» **Records to process**:
------------------------------

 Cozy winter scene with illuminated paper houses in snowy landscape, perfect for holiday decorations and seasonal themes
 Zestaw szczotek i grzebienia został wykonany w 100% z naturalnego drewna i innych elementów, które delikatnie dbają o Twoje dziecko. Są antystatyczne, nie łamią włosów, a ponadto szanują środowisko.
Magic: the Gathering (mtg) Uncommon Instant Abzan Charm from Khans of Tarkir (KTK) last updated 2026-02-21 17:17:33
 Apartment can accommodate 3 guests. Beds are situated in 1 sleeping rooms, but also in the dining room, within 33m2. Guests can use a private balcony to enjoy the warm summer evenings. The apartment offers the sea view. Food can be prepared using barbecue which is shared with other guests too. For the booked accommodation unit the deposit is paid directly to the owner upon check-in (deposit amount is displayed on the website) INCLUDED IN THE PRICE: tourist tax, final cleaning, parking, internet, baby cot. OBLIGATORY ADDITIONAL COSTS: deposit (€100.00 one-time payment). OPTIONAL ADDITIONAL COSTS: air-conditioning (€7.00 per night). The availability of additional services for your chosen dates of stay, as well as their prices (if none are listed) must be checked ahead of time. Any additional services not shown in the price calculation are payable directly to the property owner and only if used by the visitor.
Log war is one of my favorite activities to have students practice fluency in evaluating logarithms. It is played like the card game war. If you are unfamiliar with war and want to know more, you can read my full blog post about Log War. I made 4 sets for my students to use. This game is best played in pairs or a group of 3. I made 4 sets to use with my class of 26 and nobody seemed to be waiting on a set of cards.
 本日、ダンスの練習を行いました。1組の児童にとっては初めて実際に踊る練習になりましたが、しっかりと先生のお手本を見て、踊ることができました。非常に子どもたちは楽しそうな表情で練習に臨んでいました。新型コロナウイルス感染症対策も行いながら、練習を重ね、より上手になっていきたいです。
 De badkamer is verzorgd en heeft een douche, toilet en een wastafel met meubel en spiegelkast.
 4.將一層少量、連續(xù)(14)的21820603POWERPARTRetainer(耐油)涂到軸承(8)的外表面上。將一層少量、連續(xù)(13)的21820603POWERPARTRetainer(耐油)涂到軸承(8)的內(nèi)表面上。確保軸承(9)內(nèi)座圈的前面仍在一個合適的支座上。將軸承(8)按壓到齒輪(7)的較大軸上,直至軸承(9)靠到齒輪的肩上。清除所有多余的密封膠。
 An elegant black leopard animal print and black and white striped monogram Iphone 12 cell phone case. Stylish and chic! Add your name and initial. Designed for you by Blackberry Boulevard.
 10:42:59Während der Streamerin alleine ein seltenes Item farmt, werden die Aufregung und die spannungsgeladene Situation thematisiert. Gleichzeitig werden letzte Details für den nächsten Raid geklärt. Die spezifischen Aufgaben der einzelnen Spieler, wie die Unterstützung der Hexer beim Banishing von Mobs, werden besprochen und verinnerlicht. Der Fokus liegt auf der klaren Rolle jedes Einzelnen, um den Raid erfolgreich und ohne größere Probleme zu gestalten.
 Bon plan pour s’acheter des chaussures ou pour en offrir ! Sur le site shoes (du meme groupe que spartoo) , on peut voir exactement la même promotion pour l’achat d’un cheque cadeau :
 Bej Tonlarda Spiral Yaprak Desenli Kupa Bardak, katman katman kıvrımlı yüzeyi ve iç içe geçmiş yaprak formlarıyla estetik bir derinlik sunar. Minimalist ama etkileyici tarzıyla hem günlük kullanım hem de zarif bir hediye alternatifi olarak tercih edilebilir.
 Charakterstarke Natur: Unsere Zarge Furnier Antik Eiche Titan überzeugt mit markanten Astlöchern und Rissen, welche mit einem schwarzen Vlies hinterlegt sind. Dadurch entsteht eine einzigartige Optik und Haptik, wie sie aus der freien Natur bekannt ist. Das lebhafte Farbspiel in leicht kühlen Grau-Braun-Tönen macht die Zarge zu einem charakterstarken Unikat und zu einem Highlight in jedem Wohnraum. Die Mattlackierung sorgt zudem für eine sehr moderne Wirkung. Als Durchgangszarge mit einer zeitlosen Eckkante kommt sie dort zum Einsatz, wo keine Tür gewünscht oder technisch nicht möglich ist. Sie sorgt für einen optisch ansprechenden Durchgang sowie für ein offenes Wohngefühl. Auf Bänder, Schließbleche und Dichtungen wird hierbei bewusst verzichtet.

------------------------------

» **Exercise aim**: Output exactly the lines of the material above from the one containing "Apartment can accommodate" up to and including the one containing "4.將一層少量、連續(xù)".

» **Solution for this task**:
 Apartment can accommodate 3 guests. Beds are situated in 1 sleeping rooms, but also in the dining room, within 33m2. Guests can use a private balcony to enjoy the warm summer evenings. The apartment offers the sea view. Food can be prepared using barbecue which is shared with other guests too. For the booked accommodation unit the deposit is paid directly to the owner upon check-in (deposit amount is displayed on the website) INCLUDED IN THE PRICE: tourist tax, final cleaning, parking, internet, baby cot. OBLIGATORY ADDITIONAL COSTS: deposit (€100.00 one-time payment). OPTIONAL ADDITIONAL COSTS: air-conditioning (€7.00 per night). The availability of additional services for your chosen dates of stay, as well as their prices (if none are listed) must be checked ahead of time. Any additional services not shown in the price calculation are payable directly to the property owner and only if used by the visitor.
Log war is one of my favorite activities to have students practice fluency in evaluating logarithms. It is played like the card game war. If you are unfamiliar with war and want to know more, you can read my full blog post about Log War. I made 4 sets for my students to use. This game is best played in pairs or a group of 3. I made 4 sets to use with my class of 26 and nobody seemed to be waiting on a set of cards.
 本日、ダンスの練習を行いました。1組の児童にとっては初めて実際に踊る練習になりましたが、しっかりと先生のお手本を見て、踊ることができました。非常に子どもたちは楽しそうな表情で練習に臨んでいました。新型コロナウイルス感染症対策も行いながら、練習を重ね、より上手になっていきたいです。
 De badkamer is verzorgd en heeft een douche, toilet en een wastafel met meubel en spiegelkast.
 4.將一層少量、連續(xù)(14)的21820603POWERPARTRetainer(耐油)涂到軸承(8)的外表面上。將一層少量、連續(xù)(13)的21820603POWERPARTRetainer(耐油)涂到軸承(8)的內(nèi)表面上。確保軸承(9)內(nèi)座圈的前面仍在一個合適的支座上。將軸承(8)按壓到齒輪(7)的較大軸上,直至軸承(9)靠到齒輪的肩上。清除所有多余的密封膠。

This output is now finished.